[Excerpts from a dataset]
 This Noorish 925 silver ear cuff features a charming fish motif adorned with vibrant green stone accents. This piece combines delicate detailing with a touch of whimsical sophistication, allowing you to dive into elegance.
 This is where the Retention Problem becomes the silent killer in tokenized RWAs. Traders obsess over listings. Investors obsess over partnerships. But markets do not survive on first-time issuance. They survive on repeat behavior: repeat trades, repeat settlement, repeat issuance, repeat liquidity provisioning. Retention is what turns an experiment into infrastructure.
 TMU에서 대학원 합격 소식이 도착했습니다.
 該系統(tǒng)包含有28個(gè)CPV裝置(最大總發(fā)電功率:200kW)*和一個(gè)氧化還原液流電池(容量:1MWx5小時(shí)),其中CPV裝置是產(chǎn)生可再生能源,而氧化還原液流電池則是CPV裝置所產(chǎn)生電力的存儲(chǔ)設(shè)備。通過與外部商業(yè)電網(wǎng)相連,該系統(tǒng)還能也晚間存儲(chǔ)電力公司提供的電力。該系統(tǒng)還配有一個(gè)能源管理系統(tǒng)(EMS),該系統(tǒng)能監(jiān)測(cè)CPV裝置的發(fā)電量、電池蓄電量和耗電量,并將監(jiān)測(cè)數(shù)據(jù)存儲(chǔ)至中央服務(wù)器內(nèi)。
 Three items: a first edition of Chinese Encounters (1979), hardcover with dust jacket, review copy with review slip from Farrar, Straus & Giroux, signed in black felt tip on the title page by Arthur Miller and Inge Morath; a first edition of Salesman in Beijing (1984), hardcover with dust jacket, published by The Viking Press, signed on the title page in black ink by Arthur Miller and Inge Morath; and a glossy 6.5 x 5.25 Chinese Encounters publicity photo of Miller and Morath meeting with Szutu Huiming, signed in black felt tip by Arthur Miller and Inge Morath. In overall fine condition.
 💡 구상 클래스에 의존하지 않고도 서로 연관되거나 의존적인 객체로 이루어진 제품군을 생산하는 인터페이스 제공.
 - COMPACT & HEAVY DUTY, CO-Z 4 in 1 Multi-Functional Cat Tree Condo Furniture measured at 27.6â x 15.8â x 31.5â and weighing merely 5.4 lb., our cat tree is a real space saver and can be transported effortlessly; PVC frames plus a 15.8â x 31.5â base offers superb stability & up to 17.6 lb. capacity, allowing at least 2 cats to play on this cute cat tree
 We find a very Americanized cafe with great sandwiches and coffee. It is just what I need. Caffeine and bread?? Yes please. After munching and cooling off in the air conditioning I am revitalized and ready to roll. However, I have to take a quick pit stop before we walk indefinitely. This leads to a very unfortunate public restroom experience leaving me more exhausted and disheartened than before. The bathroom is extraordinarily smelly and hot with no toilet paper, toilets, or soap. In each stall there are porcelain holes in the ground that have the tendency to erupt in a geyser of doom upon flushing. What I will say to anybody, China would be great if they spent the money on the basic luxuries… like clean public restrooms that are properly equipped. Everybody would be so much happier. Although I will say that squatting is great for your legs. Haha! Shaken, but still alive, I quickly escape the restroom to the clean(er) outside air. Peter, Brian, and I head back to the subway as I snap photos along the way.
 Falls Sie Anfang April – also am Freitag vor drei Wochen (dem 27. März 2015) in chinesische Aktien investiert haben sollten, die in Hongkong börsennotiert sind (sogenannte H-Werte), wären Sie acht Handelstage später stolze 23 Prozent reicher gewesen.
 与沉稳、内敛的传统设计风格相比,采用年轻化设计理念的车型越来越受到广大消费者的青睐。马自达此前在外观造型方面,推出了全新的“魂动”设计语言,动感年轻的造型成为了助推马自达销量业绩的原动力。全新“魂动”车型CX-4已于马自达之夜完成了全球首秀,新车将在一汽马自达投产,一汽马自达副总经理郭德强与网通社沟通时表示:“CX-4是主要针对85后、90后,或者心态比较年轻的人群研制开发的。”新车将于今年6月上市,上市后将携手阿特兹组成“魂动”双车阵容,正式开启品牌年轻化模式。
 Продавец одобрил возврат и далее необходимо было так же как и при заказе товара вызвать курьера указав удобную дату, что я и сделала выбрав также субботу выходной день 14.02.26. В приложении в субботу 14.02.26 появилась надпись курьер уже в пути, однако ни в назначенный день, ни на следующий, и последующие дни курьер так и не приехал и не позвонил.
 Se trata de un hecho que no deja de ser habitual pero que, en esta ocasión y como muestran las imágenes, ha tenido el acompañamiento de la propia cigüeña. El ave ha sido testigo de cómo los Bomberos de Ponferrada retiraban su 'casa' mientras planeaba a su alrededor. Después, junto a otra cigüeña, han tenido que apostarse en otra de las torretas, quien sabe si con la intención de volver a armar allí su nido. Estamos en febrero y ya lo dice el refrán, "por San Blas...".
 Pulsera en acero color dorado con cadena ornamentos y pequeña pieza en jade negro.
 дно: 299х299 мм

WHAT THE EXERCISE ASKS
The required output is the lines from the one holding "与沉稳、内敛的传统设计风格相" through the last line of the entries above, copied exactly.

ANSWER FOR THIS EXERCISE
 与沉稳、内敛的传统设计风格相比,采用年轻化设计理念的车型越来越受到广大消费者的青睐。马自达此前在外观造型方面,推出了全新的“魂动”设计语言,动感年轻的造型成为了助推马自达销量业绩的原动力。全新“魂动”车型CX-4已于马自达之夜完成了全球首秀,新车将在一汽马自达投产,一汽马自达副总经理郭德强与网通社沟通时表示:“CX-4是主要针对85后、90后,或者心态比较年轻的人群研制开发的。”新车将于今年6月上市,上市后将携手阿特兹组成“魂动”双车阵容,正式开启品牌年轻化模式。
 Продавец одобрил возврат и далее необходимо было так же как и при заказе товара вызвать курьера указав удобную дату, что я и сделала выбрав также субботу выходной день 14.02.26. В приложении в субботу 14.02.26 появилась надпись курьер уже в пути, однако ни в назначенный день, ни на следующий, и последующие дни курьер так и не приехал и не позвонил.
 Se trata de un hecho que no deja de ser habitual pero que, en esta ocasión y como muestran las imágenes, ha tenido el acompañamiento de la propia cigüeña. El ave ha sido testigo de cómo los Bomberos de Ponferrada retiraban su 'casa' mientras planeaba a su alrededor. Después, junto a otra cigüeña, han tenido que apostarse en otra de las torretas, quien sabe si con la intención de volver a armar allí su nido. Estamos en febrero y ya lo dice el refrán, "por San Blas...".
 Pulsera en acero color dorado con cadena ornamentos y pequeña pieza en jade negro.
 дно: 299х299 мм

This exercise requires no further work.